El 27 de octubre de 2013, unos 4,7 millones de personas escucharon al periodista y escritor Arturo Pérez-Reverte decir las siguientes cosas en el programa de televisión Salvados:

¿No se puede hacer nada, no hay nada que hacer? Pues a veces la respuesta es no, al menos la respuesta que yo me doy es no. […] No va a cambiar nada, no va a cambiar nada de nada. Si hoy hubiera una revolución la gente saldría a ver si le han quemado el coche lo primero. […] ¿Tú sabes por qué quiere la gente que pase la crisis? Para volver a hacer exactamente lo mismo que hacía antes: para volver a comprarse un coche, una hipoteca, para irse de nuevo a Cancún de vacaciones…
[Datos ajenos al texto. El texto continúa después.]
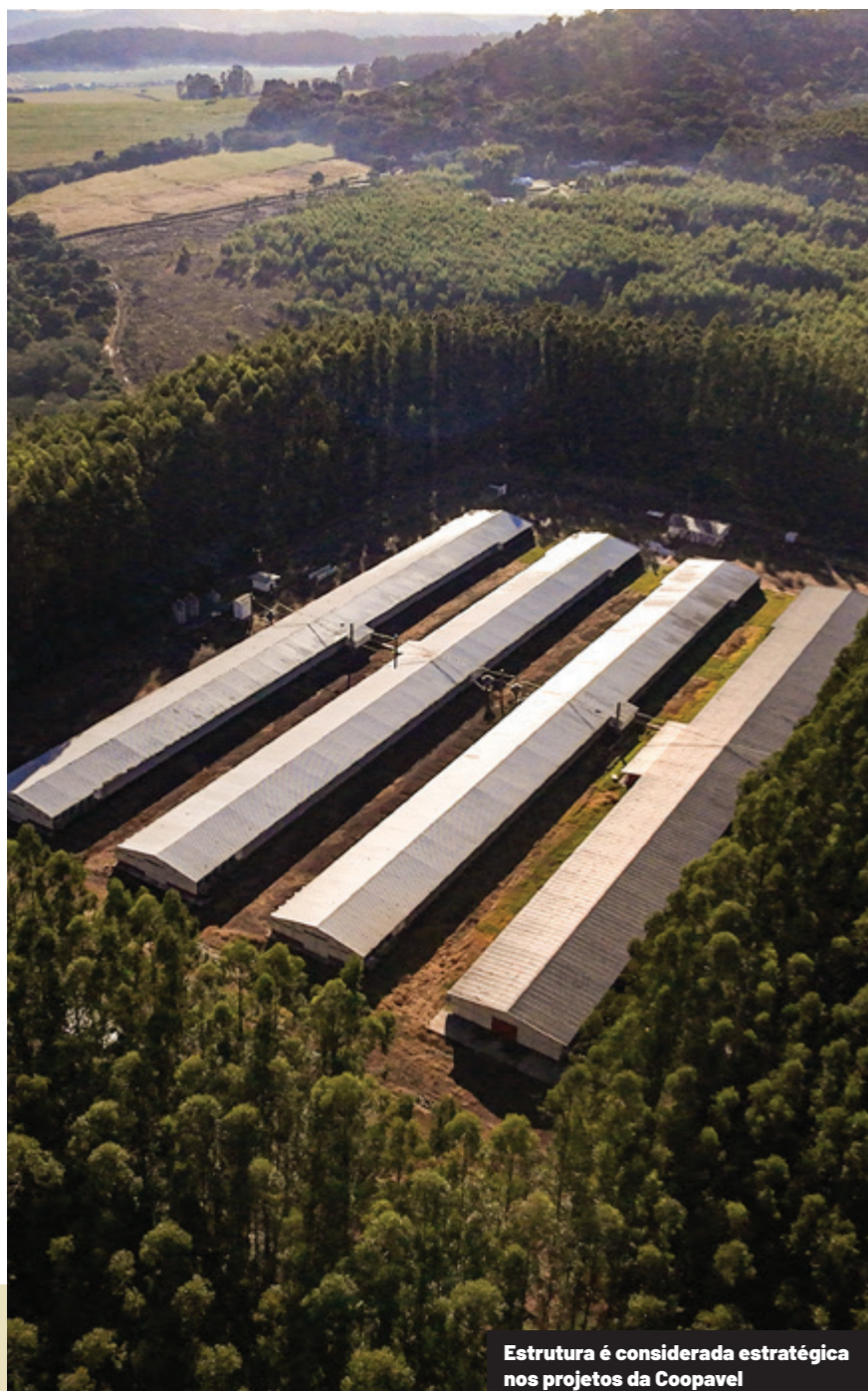
Estrutura é considerada estratégica nos projetos da Coopavel

deverá subir em cerca de 3,5 milhões por mês até que, em no máximo dois anos, o complexo atinja a marca de dez milhões de ovos férteis mensais. O quadro de funcionários, acrescido de 60 novos colaboradores, chegará então a 300 pessoas.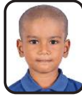
NOVA INIYANG G GRADE-II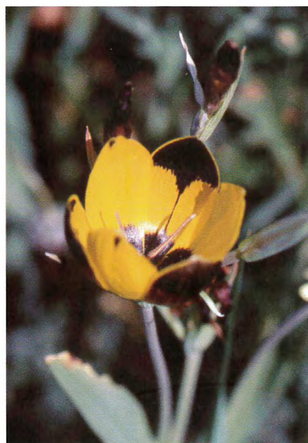
Hesperantha vaginata bloeit bij Neil MacGregor nog volop, maar is elders zeer zeldzaam

In augustus 2004 hielp de IBSA in het voortbestaan van Haemanthus lanceifolia in de nabijheid van Vanrhynsdorp. Een locale boer had het plan opgevat om een stuk grond om te ploegen waar sprake was van een levensvatbare populatie van dit soort: het was één van de twee bekende groeiplaatsen van dit soort. De IBSA heeft met de boer onderhandeld en er is overeenstemming bereikt om een reservaat te creëren gelegen in de wijngaard. Alsof er nog niet genoeg druiven worden verbouwd, er is al jaren een enorm overschot aan wijn, maar dat daar gelaten. Planten die buiten het beschermde stuk staan, worden opgerooid en binnen het gebied geplant. Of dit een voor de toekomst realistische en duurzame oplossing is, zal de tijd moeten leren.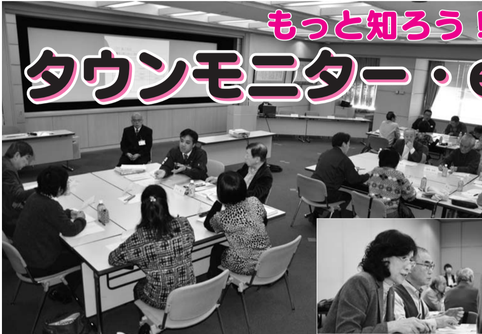
タウンモニター懇談会での意見交換の様子。活気ある話し合いが行われました。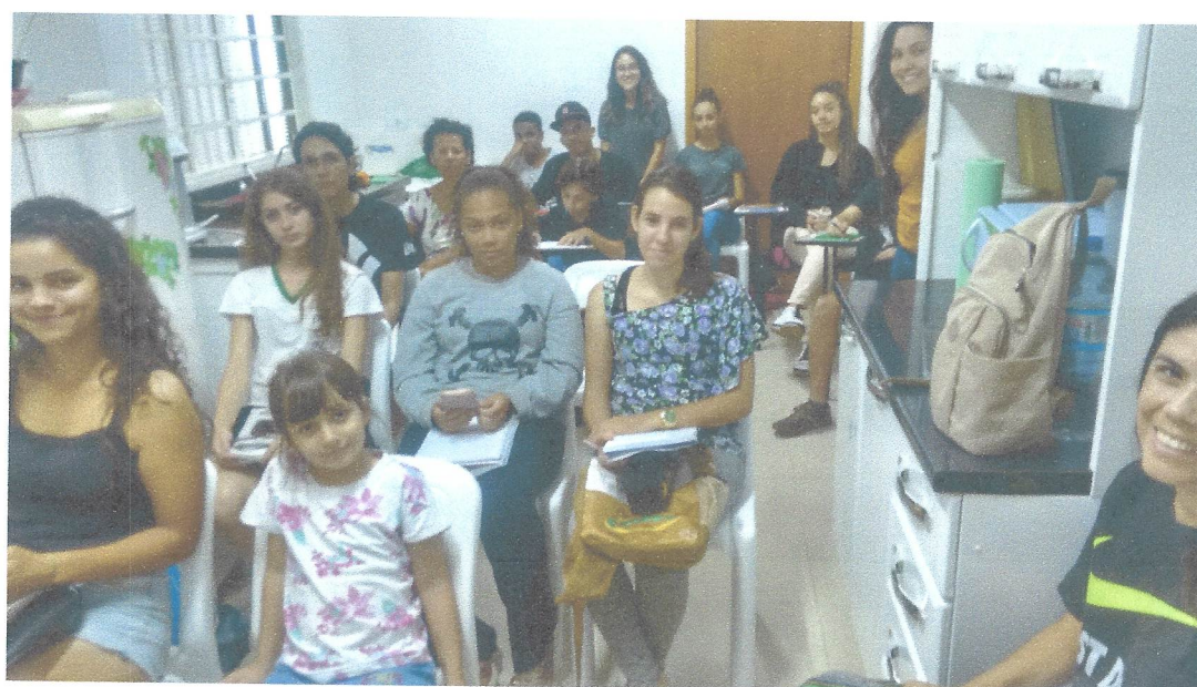
Oficina de Espanhol e Inglês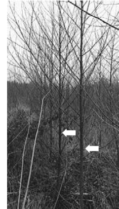
Roterle-pflanzung, 4 Jahre nach der Pflanzung: ca. 5-8 m Höhe, ca. 5-10 cm Brusthöhen-durchmesser

Ein zusätzlicher Aufwand kann noch entstehen wenn ein Fegeschutz angebracht werden muss. Durch die Verwendung der großen Pflanzen ist damit zu rechnen, dass auf ein Ausmähen verzichtet werden kann. Das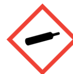
Symboles ADR (Pictogrammes de danger)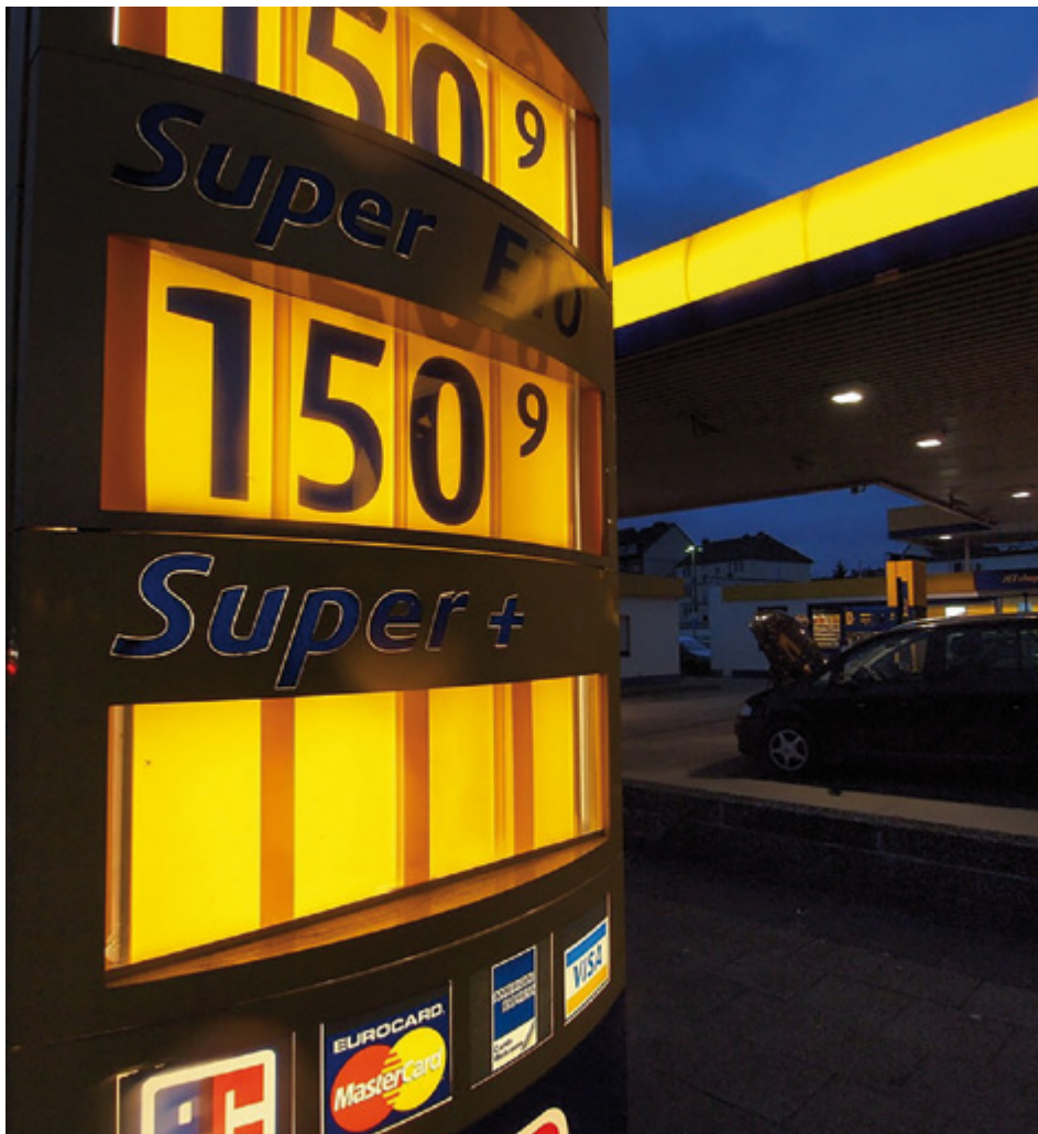
Tiefere Benzinpreise sorgen für mehr Geld in den Portemonnaies der Konsumenten.

Für den Ausserhaus-Konsum haben US-Amerikaner innert zwölf Monaten 2.9 Prozent mehr ausgegeben, während der Aufwand für den Heimkonsum im gleichen Zeitraum nur um 0.8 Prozent zunahm. Für die Verschiebungen gibt es noch andere Gründe, zum Beispiel die Inflation, einen Anstieg der Reallöhne und eine höhere Beschäftigungsquote.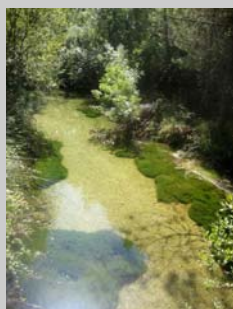
Río Aguascebas Grande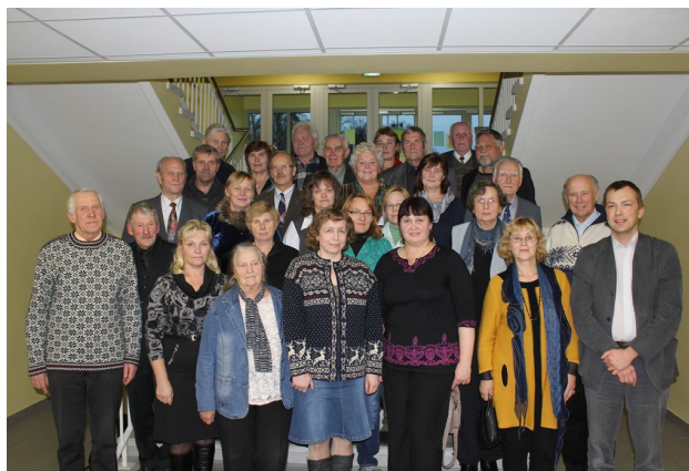
Vilistlaskogu 08.11.2012.

Räpina Aianduskooli Vilistlaskogu tuleb taas kokku aasta pä- rast.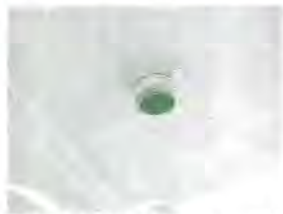
取り外し(ストレーナー部)

Pérez-Reverte señalaba con cierta nostalgia algunas causas de esta supuesta situación de egoísmo generalizado:

Antes, cuando las cosas iban mal, en otros tiempos, había ideologías que sostenían esas cosas, había ideas, había incluso intelectuales que tiraban de esas ideas y que las extendían entre la gente… Ahora ya no existen esos líderes, la sociedad está indefensa, está huérfana.

Y concluía:

La gente no quiere educación, no exige educación para sus hijos […] Todo el problema de España es un problema de educación, porque somos nosotros; los políticos son solo una manifestación, el síntoma de una enfermedad que somos nosotros: el acriticismo, la incultura, el cainismo, la vileza, la envidia, eso somos nosotros, somos los españoles. El político no es más que la oficialización de nuestra esencia… es un problema de cultura.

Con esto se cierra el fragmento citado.